Skip to content
New issue

Have a question about this project? Sign up for a free GitHub account to open an issue and contact its maintainers and the community.

By clicking “Sign up for GitHub”, you agree to our terms of service and privacy statement. We’ll occasionally send you account related emails.

Already on GitHub? Sign in to your account

Potentially lengthy I/O by kubelet during pod startup needs to be visible to the user #124762

Open
roy-work opened this issue May 8, 2024 · 3 comments
Labels
kind/feature Categorizes issue or PR as related to a new feature. needs-triage Indicates an issue or PR lacks a `triage/foo` label and requires one. sig/node Categorizes an issue or PR as relevant to SIG Node.

Comments

@roy-work
Copy link

roy-work commented May 8, 2024

What happened?

For example, we had a pod which had:

 securityContext:
   fsGroup: 1001
   runAsGroup: 1001
   runAsUser: 1001

This — unbeknownst to us for quite some time — led to the pod taking hours to start, with it being otherwise apparently stuck in Pending.

Now, in this particular example, the "root" cause is that the fsGroup there, combined with fsGroupChangePolicy: Alwayswhich is the default, and unspecified by us here — causes the kubelet, prior to starting the pod's containers, to recursively chown the Pod's volumes to the GID in fsGroup. This is a potentially enormous piece of I/O, as in our case, where it took hours. (The volume in question had 2.1M files on it!)

What did you expect to happen?

A clear way to tell why a pod is not transitioning out of Pending in a timely manner. A simple event in the describe pod output for the pod would have done it.

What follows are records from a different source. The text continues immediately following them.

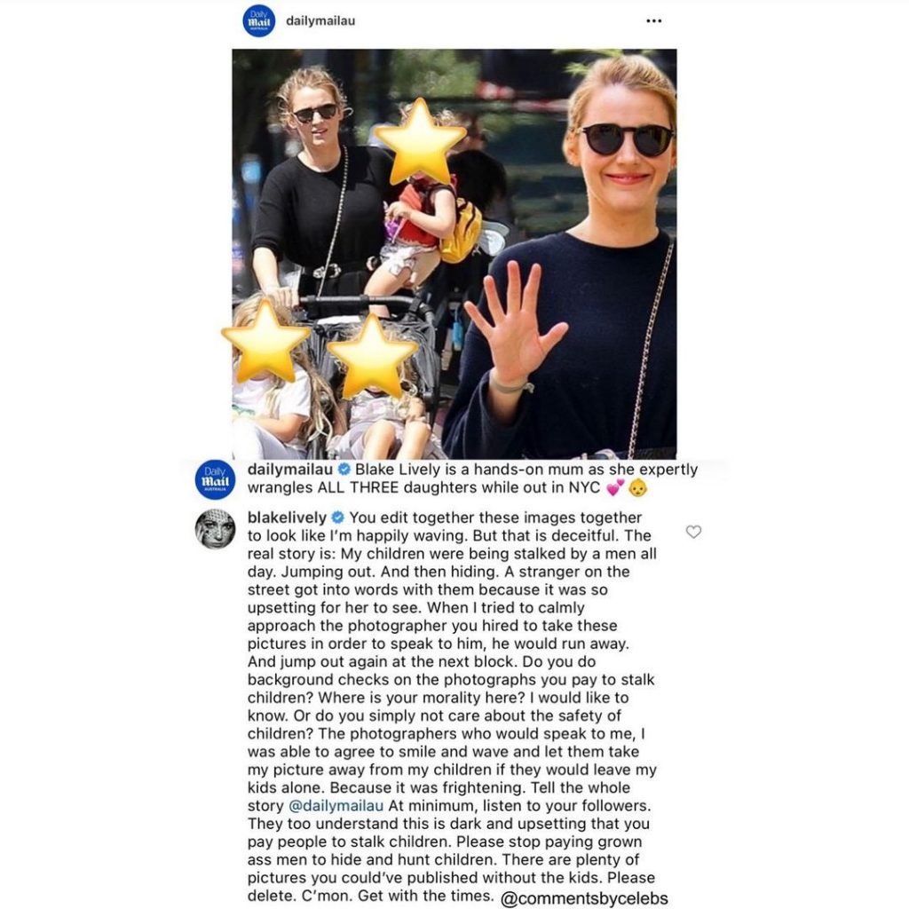 "¿Dónde está su moralidad aquí? Me gustaría saber. ¿O simplemente no les importa la seguridad de los niños?", escribió Blake Lively. Asimismo, la actriz cuestionó al diario por contratar a gente que no tiene un "mínimo de respeto" por perseguir a niños, a pesar de que sean hombres mayores.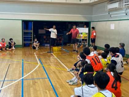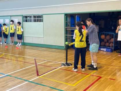 i組のTボール練習はミーティングから始まりました。ルールや技術的なことをみんなで共有しています。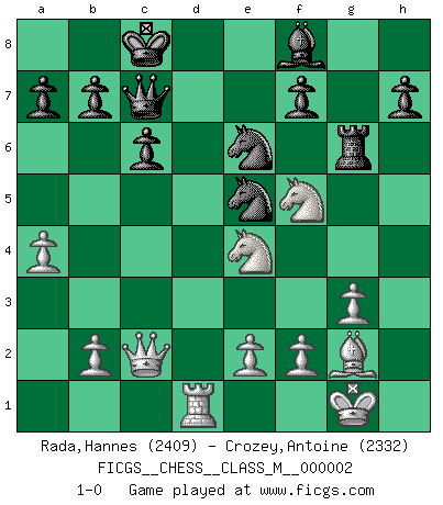 Last move : 1-0 2006 October 5 4:56:22 [Event "FICGS__CHESS__CLASS_M__000002"] [Site "FICGS"] [Date "2006.04.10"] [Round "1"] [White "Rada,Hannes"] [Black "Crozey,Antoine"] [Result "1-0"] [WhiteElo "2409"] [BlackElo "2332"] 1.Nf3 Nf6 2.c4 c6 3.d4 d5 4.Nc3 dxc4 5.a4 Bf5 6.Ne5 Nbd7 7.Nxc4 Qc7 8.g3 e5 9.dxe5 Nxe5 10.Bf4 Nfd7 11.Bg2 g5 12.Ne3 gxf4 13.Nxf5 O-O-O 14.Qc2 Nc5 15.O-O Ne6 16.Qe4 fxg3 17.hxg3 Rg8 18.Rad1 Rxd1 19.Rxd1 Rg4 20.Qc2 Rg6 21.Ne4 1-0 Reti Opening Queenside Castling by player Black (move 13) Kingside Castling by player White (move 15) Player White won this chess game. Follow this game move after move (download)It is the aim of the modern school, not to treat every position according to one general law, but according to the principle inherent in the position. (Richard Reti) Im Leben werden Partien nie so unstrittig gewonnen wie im Spiel (Emanuel Lasker) No existe un remordimiento como el remordimiento del Ajedrez. (H. G. Wells) L'ordinateur a tué l'originalité. Il n'y a plus guère d'aventures sur l'échiquier. (Jacob Murray) If you know the enemy and know yourself you need not fear the results of a hundred battles. (Sun Tzu)

How can we reproduce it (as minimally and precisely as possible)?

Have a volume w/ ~2M files, and an fsGroup.

Anything else we need to know?

The same thing goes for pod termination, too. For example, see this bug, which is full of people who cannot determine why a pod isn't capable of termination. Sadly, that bug was never addressed, and was dismissed with:

there are a lot of different issues being discussed in this thread. There are many possible reasons why a Pod could get stuck in terminating. We know this is a common issue with many possible root causes!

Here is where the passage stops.